Interview: John Vanderslice Returns as a Solo Artist, Bringing a New Live Show to Rickshaw Stop

San Francisco resident, engineer, and recording studio owner John Vanderslice today released a new solo album titled The Cedars, his first in six years, and he’s touring this spring in support of the new material. Vanderslice’s tour includes a visit to the Rickshaw Stop on April 28th. After moving to San Francisco in the late 80s, Vanderslice opened Tiny Telephone studio to serve as a recording gateway for indie musicians, which has since expanded to Oakland.

The Cedars came from a fascination with an 11 square-mile canyon in the remote wilderness of West Sonoma County.

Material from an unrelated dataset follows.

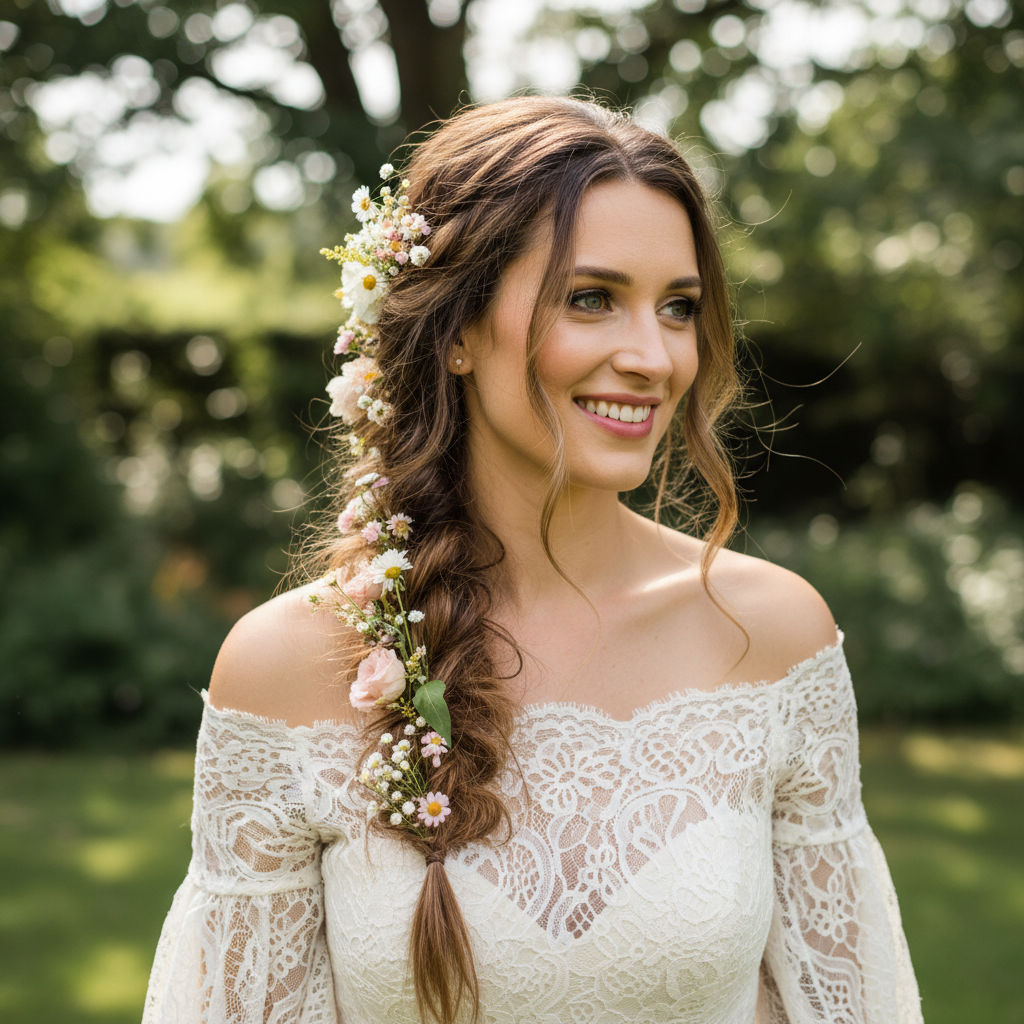This style embraces natural beauty with a whimsical touch. A loose, textured braid adorned with flowers creates a romantic, free-spirited look.

The development of the record pushed his personal musical boundaries and the themes are dark, reinforced through unpredictable sonic textures driven mostly by drum machines and synthesizers.

To preview his upcoming SF show, we spoke to Vanderslice to learn more about his upbringing, opening Tiny Telephone, and inspiration for his new music.

Why did you move between rural North Florida, Georgia, and Maryland during your childhood?

I think an unstable family life is to blame. There were two divorces that were part of that. I think that’s mostly why it was family instability, which made the nutjob that I am.

What motivated you to move to San Francisco in 1989?

I was following my girlfriend at the time, Susan Anderson Osborne, who was out here. I got here and it was just like magic for me. It was just a progressive and free place that I had ever seen. It reminded me a lot of Amsterdam at the time. I had been an exchange student the year before. I like a city that has teeth that can bite you back. I felt that way about San Francisco for sure.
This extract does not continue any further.